Richard Hope, a member of the English Army, founded the Hope Estate in the 1660s. It was first a cattle-mill. Given permission to operate a watermill along Hope River to grind sugar cane in 1752, it became a sugar plantation. It was called the Hope Plantation. The estate grew and in 1826 it was called Hope Estate.
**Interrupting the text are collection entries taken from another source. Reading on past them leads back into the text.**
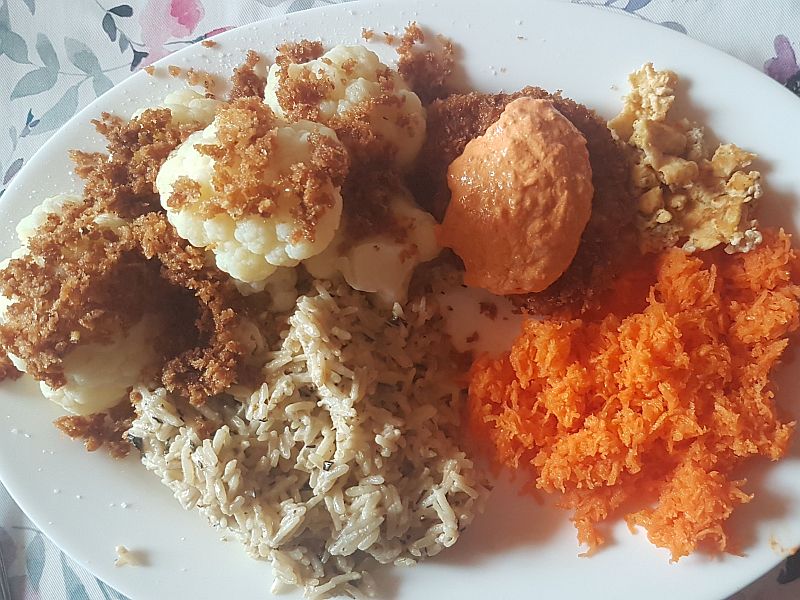 | | Paniertes Schweine-Filet mit Tomaten-Ajvar-Dip, Blumenkohl mit Panko-Bröseln, Basmatireis, in Rinderbrühe gegart, Möhrensalat |
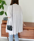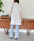 ・裾に向かって広がるシルエットながら、胸元の切り替えや袖口のゴム仕様でメリハリのある着こなしに
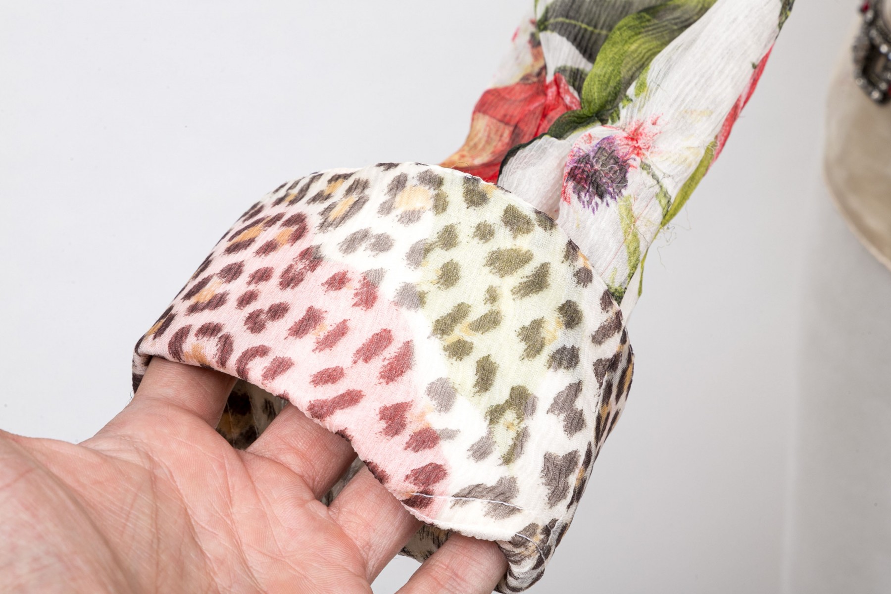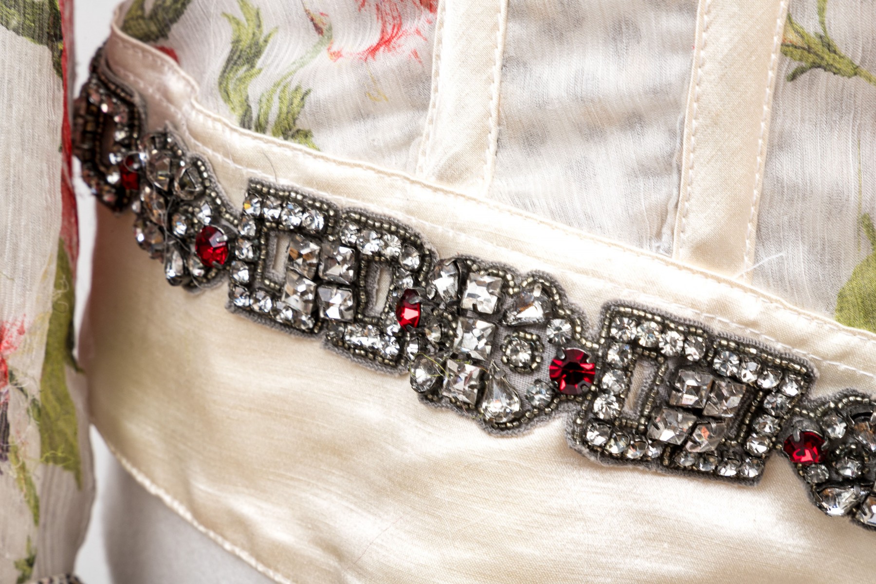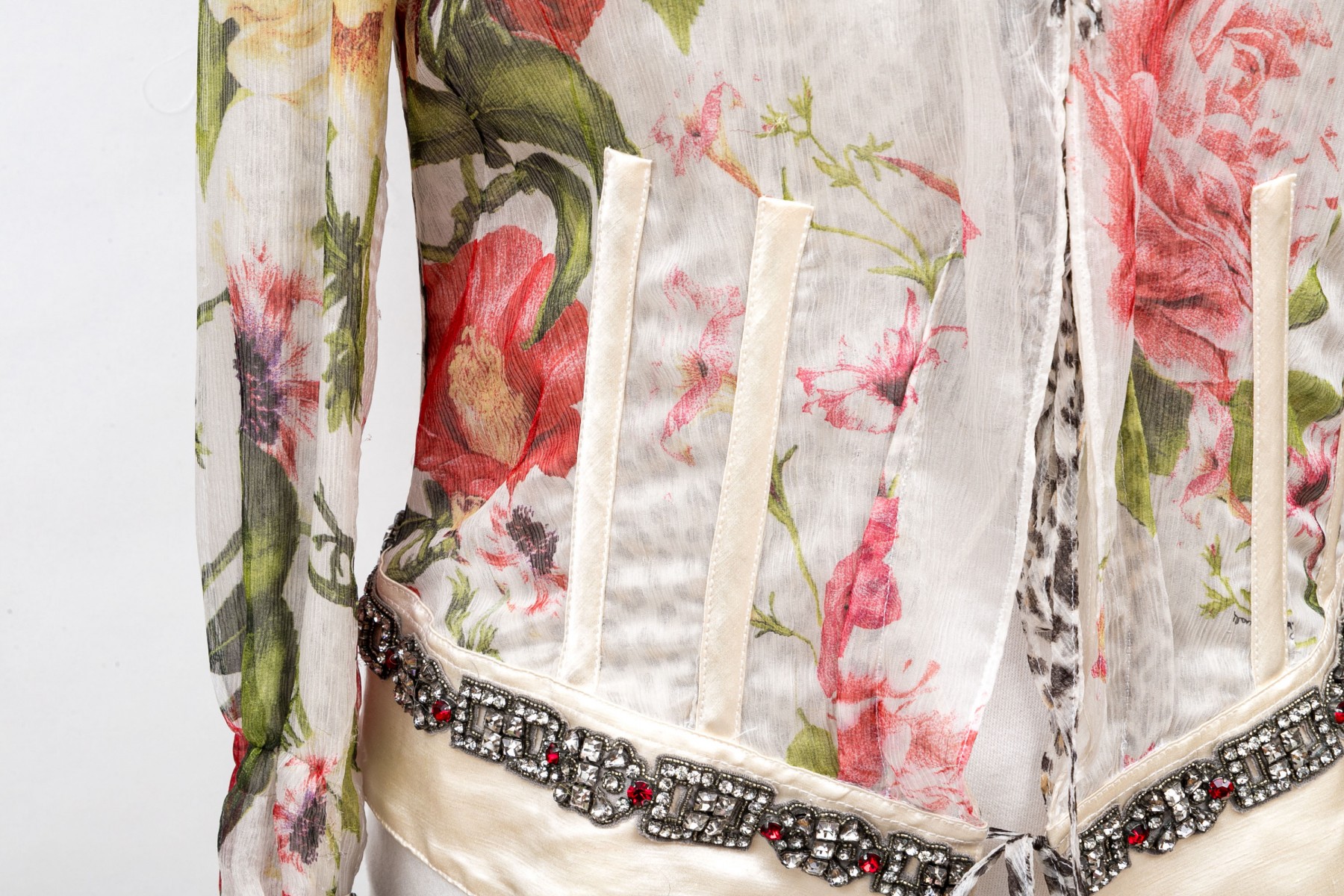 Roberto Cavalli ivory, leopard print and floral blouse, bejeweled, size 48

===Hope Botanical Gardens and Hope Zoo===

The Hope Botanical Gardens and the Hope Zoo, located on Old Hope Road, include a botanical garden, orchid house, and stone aqueduct. There is also a children's amusement park and a zoo. They are located on what was formerly the Hope Estate. In 1881, the government acquired the land and laid out the gardens. In 1953, the Royal Botanical Gardens were formed for a visit by Queen Elizabeth II. The botanical gardens are the largest in the Caribbean.

== Places of interest==
- Religious: Anglican, Roman Catholic, Church of God, Apostolic/Pentecostal Seventh-day Adventist, New Testament, Methodist, the seat of the Roman Catholic Archdiocese in Jamaica, a Methodist cemetery, and an Anglican columbarium;
- Commercial: Three large scale and more small-scale shopping malls, three banks, a building society, a Post Office and mall with many supermarkets and shops;
- Educational: two major universities, seven secondary schools, Campion College, Jamaica College, Priory High (closed in 2007), Ardenne High, American International School of Kingston, Papine High and Mona High, and five primary schools, New Providence Primary, Sts. Peter and Paul Preparatory, Priory Prep. (closed), Mona Prep. & Mona Primary; three basic schools, Providence Methodist Early Childhood Institution, Shady Grove Basic School and NWC Basic School.
- The Society for the Blind H.Q.;
- The US Embassy in Jamaica.

== Facts ==
- Postal code: Kingston 6
- Population: approximately 10,000
- Oldest building in Liguanea: the triangular Fabricare cleaning building.
- Oldest institution: Providence Methodist Church on Old Hope Road, between Liguanea Lane Plaza and Photo Express.
- Notable dates: The day the Guango tree was cut down, 1997

The following places are within three miles of Matilda's Corner:
- Ministry of Agriculture and Mining,
- Management Institute of National Development (MIND),
- The University of the West Indies - known for schools of Medicine, and other Sciences,
- The University of Technology, Jamaica - known for schools of Engineering, Computing, Architecture and Pharmacy,
- The National Chest Hospital,
- The University Hospital of the West Indies,
- Andrews Memorial Hospital,
- Campion College
- Jamaica 4-H Clubs
- Kingsway United Church,
- Andrews Seventh-day Adventist Church,
- St. Andrew Parish Church,
- St. Margaret's Church - Anglican,
- Sts. Peter and Paul Church - Roman Catholic,
- St. Thomas Aquinas Centre - Roman Catholic,
- Church of the Ascension - Anglican,
- Mona Baptist Church,
- The Office of the Commissioner of the Jamaica Constabulary Force (soon to be relocated on Duke Street, Downtown),
- Carberry Special School,
- Lister Mair School for the Deaf,
- National Children's Home,
- The Chinese Benevolence Association (CBA) building
- Vocational Technical Development Institute.
- The Water Resources Authority of Jamaica

==Economy==
The Caribbean Airlines/Air Jamaica office is in Liguanea.

==Amenities==
- Royal Botanical Gardens & Zoo - home to lush gardens, ponds, and Jamaica's only lions
- Vale Royal - official residence of the Prime Minister
- Jamaica House - office of the Prime Minister
- King's House - official residence of the Governor-General
- Liguanea Post Mall - shopping centre
- Contemporary Arts Centre
- Saint Peter & Paul Church
- Jamaica Carnival - road march through the streets of Liguanea, Half-Way-Tree and New Kingston the Sunday after Easter
- Joker's Wild/Bacchanal J'ouvert - road march through the streets of Liguanea and New Kingston the Friday after Easter
- Liguanea Arts Festival held annually.